Пулеметчики рады, когда появляется эта живая, остроумная девушка. Она читает им газеты, рассказывает новости, а урывками учится владеть пулеметом — и ручным и станковым.

Минуло несколько месяцев фронтовой жизни. Теперь на многое Елена смотрела иными глазами. Вспоминались ей наивные рассуждения, которые велись в Ташкенте: будет ли на фронте страшно? Конечно, страшно! Даже сейчас, в затишье, дня не проходит, чтобы кого-нибудь в батальоне не убило или не ранило.

Голос из-за перегородки прервал раздумье:

— Лена, давай связь!

— Одну минуту, товарищ капитан!

Это ее постоянный ответ. Большей частью так оно и было.

Но случалось и иначе... Как в тот раз, когда нарушилась связь с 4-й ротой лейтенанта Киреева.

Лейтенант Киреев... Не думала, не гадала она, что на фронте кто-то сумеет тронуть ее сердце.

О Кирееве Лена услышала вскоре после своего прихода в батальон. Она сидела возле своей рации, когда громкий разговор за перегородкой заставил ее прислушаться.

— Горяч твой Киреев, да и зелен. Дров наломает, — гремел басовитый голос заместителя командира батальона Савченко.
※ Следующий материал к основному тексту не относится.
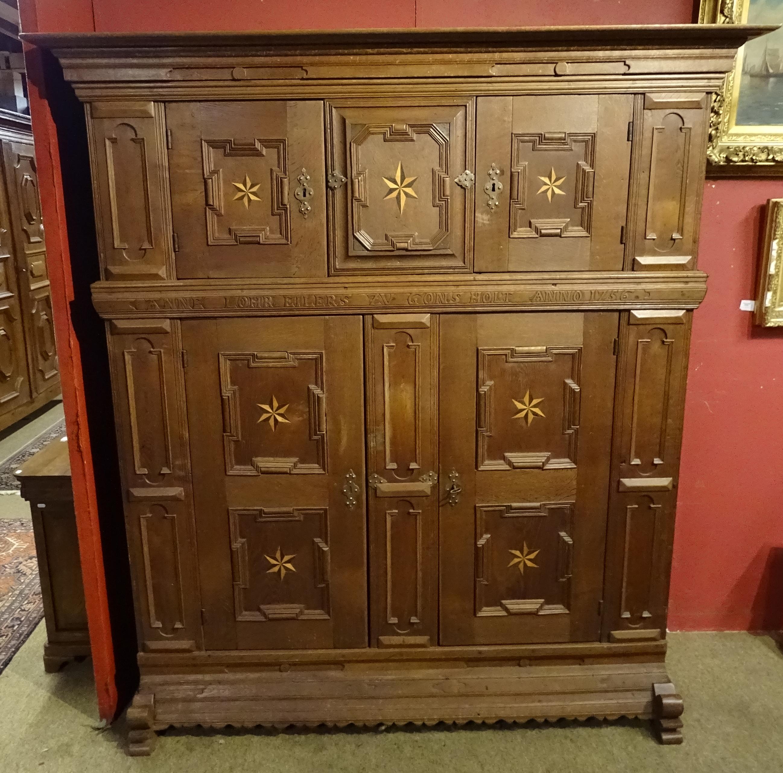 Meuble allemand Renaissance 4 Portes en chene et incrustations d'étoiles marqué Anne Lohr Eilers ZV oons Holt anno 1756 192x168x62cm
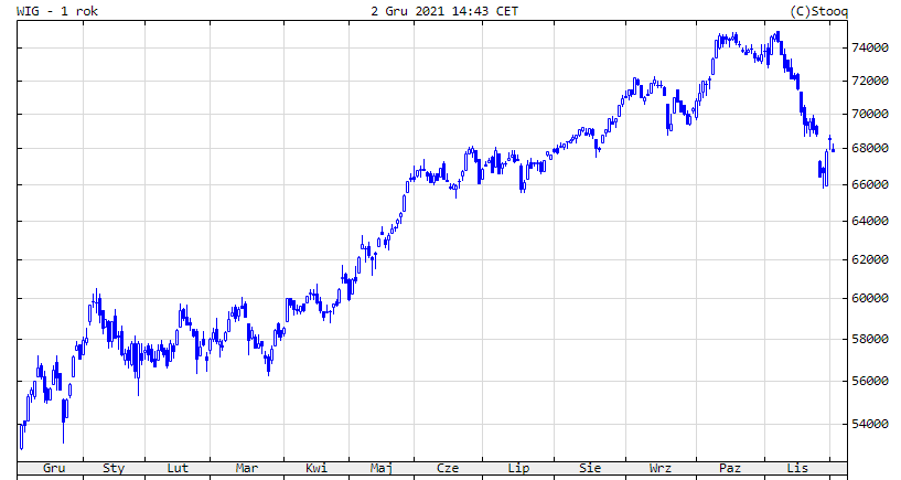 - Prognozę przegrzania rynku i końca istotnych rekordów na GPW w tym roku z 4 października 2021 (Na ten rok już wystarczy wzrostów na GPW). W tej samej serii odczytów prognozowaliśmy zasięg maksymalnej fali wzrostowej WIG w przedziale 73 500 – 75 600 punktów. Obie prognozy, jak na razie uznajemy za udane. No chyba że WIG w grudniu zanotuje ponad 12% wzrosty, ale nic na to nie wskazuje.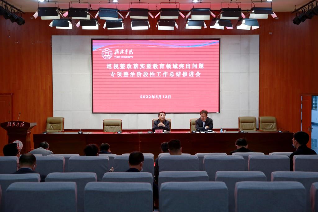 5月13日下午,beat365在逸夫楼一楼报告厅召开了巡视整改落实暨教育领域突出问题专项整治阶段性工作总结推进会,巡视整改暨教育领域突出问题专项整治工作领导小组副组长尚爱军主持会议并讲话。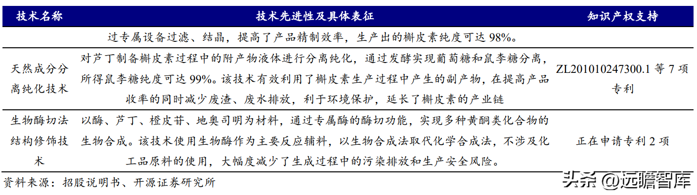 3、亮点探讨:纵深开发产品系族,工艺技术形成独特优势 3.1、产品/研发优势:深耕天然黄酮类化合物提取,多项专利撑起“小巨人”技术壁垒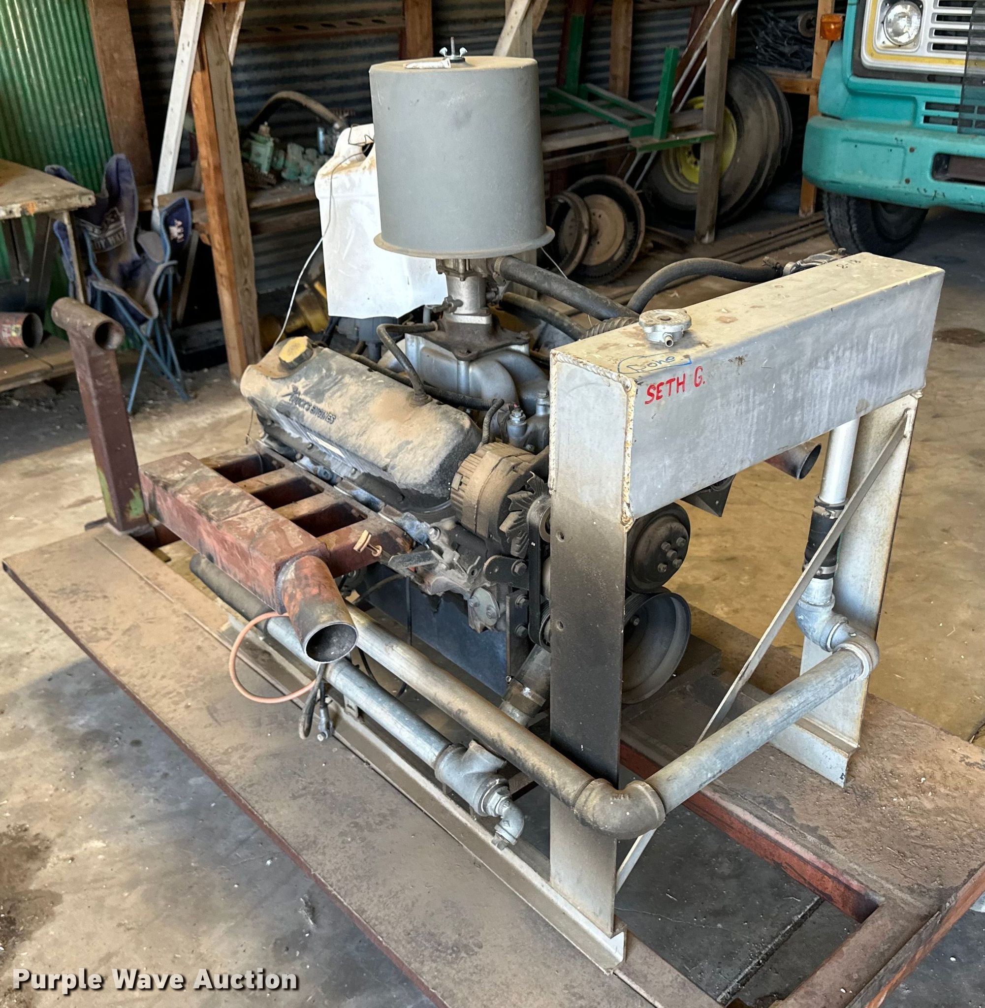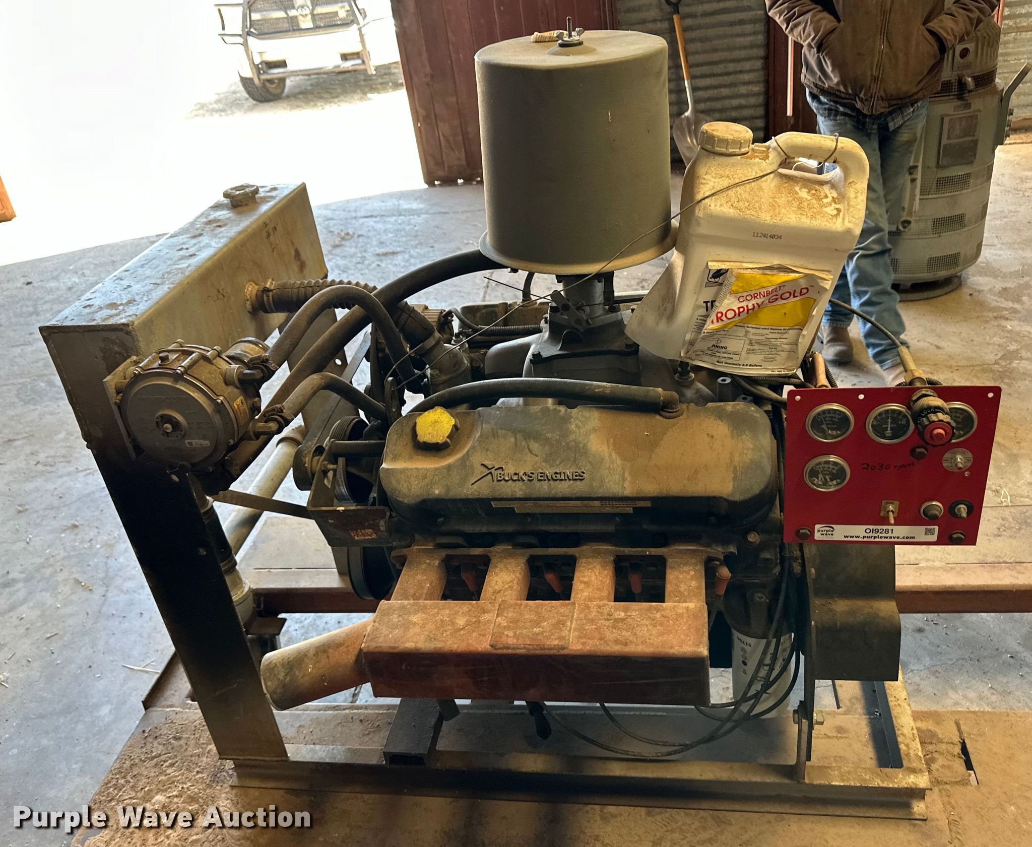 Irrigation pump. Engine. Buck's engine, Displacement: 8.0L, Cylinders: 8, Fuel type: LPG. Notes Possible engine issues, uses oil. Gillespie Farms. Moscow, KS 67952

— А я в нем уверен, товарищ капитан, — спокойно отвечал другой голос, принадлежавший старшему адъютанту батальона Колосову. — Киреев хоть и молод, но вовсе не зелен. Когда надо, он умеет быть собранным. Такой не струсит, я за него ручаюсь...

— Ладно, пусть будет по-твоему, — согласился комбат после минутного раздумья.

Лене приказали вызвать Киреева. И когда минут через сорок он прошел через ее половину, она успела заметить, что у этого складного лейтенанта удивительно серые глаза, которыми он посмотрел на нее. Ей было немножко не по себе от того, что невольно пришлось услышать тот разговор, за перегородкой. Остался осадок — словно она состоит в заговоре против этого приятного ей человека. И когда Лене потом приходилось сталкиваться с ним по службе, чувство «заговора» долго еще продолжало преследовать ее. Отвечая на приветствия Лены, Киреев обычно мягко, чуть смущенно улыбался, и застенчивость его так не вязалась с обликом сорвиголовы, как прозвали лейтенанта в батальоне.

За последнее время Петя Киреев все больше и больше занимал ее мысли. И в то утро, когда 4-я рота пошла в наступление, а затем нарушилась с нею связь, Леной овладела тревога.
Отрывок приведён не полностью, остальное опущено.